Organization

This section describes how the CGA currently operates. This includes the administrative structure, a description of the services it provides, and an overview of it’s financial position.

The CGA is administered by the CGA executive. CGA executives serve for two years, and are elected at the CGA Annual General meeting held at the Canadian Open each year. The executive currently communicates mainly electronically, so the minimum requirement to serve on the executive is to regularly read and respond to email discussions, participate in Skype meetings, and vote on proposed activities. Beyond that there are specific jobs we ask CGA executives to perform

  • President : Responsible for overall CGA administration
  • Vice President: Someone who can fill in for the president if required.
  • Treasurer : Maintain the CGA’s financial records
  • Database Content : Responsible for content in the CGA Databases (Membership, ratings, club contacts)
  • Secretary: Document the CGA executives activities.

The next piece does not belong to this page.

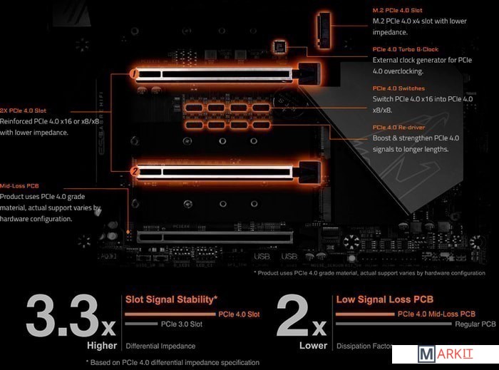 Режимы работы нескольких PCIe x16 слотов x16/x0/x0, x8/x8/x0, x8/x8/x4; 2 x16 с поддержкой PCIe 4.0

One area lacking clarity in the CGA administration is what we require the general CGA membership to approve, versus what the executive can do on it’s own. The current executive approach is to report their activities at the annual general meeting, and if there are clear changes requested by the general membership the executive will try and implement these. Normally the membership only selects the executive, beyond that the CGA executive decides everything.

The CGA will have a minimum executive team of 5 members. If for some reason we are unable to fill the slate at the Annual Meeting, or executives retire before between annual meetings, the executive can appoint members during the year, to be ratified at the next annual meeting.

The overall goals of the CGA are:

  • Co-ordination with the international Go Community and International Go Events.
  • Promotion of Go within Canada wherever possible

To accomplish these goals the CGA is currently performing the following tasks:

  • Coordinate the hosting of the Canadian Open, and set requirements for international representative selection.
  • Maintain a CGA ratings system
  • Register Go clubs active in Canada
  • Provide grants to support go teaching and youth programs
  • Run the CGA web site to document CGA activities, and Canadian Go activities in general.
  • Organize the online Winter Cup for CGA members

The executive cannot accomplish these tasks on their own; CGA volunteers are responsible for much of the implementation. You can see the CGA executives and volunteers listed in the “Contact Us” section.

The CGA today is funded from donations of members who wish to support Canadian Go.  As this is a fairly new model we are still confirming this model is stable in the long term.

A rough breakdown of our expenses is as follows:

  1. Dues to the International Go Federation: Approximately 700-800. This depends on the current YEN/CAD exchange rate.
  2. CGA grants. In 2007/2008 we have 1500 CAD budgeted, and we look to be on track to spend this.
  3. Miscellaneous (Winter Cup prizes, mailing costs): perhaps 100-150$

As of late 2012 the CGA has approximately 9000$ in our bank account. From CGA membership we might expect revenues as follows:

If the CGA adopts a constitution, it may subsequently take two further steps

  • Incorporate
  • Register as a charitable organization

Either of these may be done independently, although they share some underlying requirements on how the CGA should be organized. To allow this any proposed constitution should be reviewed to ensure it is compatible with incorporation or registering as a charity.Some of the advantages of incorporation would be:

  • The CGA could own property. Today depending on the province the CGA may not be able to open a bank account in it’s own name (and thus may not be able to cash cheques made out to the CGA). It also cannot buy investments like GIC’s. When bank accounts are in the name of executives there are issues about tax payments on the interest.
  • CGA executives will not be personally liable if the CGA is sued.
  • The CGA will need audited financial statements. This is an advantage for the transparency of CGA operations, although it does require some extra work and cost.

The advantage of being a registered charity is the ability to issue tax receipts. For comparison the Canadian Chess Federation is a registered charity, whereas the The American Go Association has an associated foundation which is a charity, as does the Canadian Bridge Association.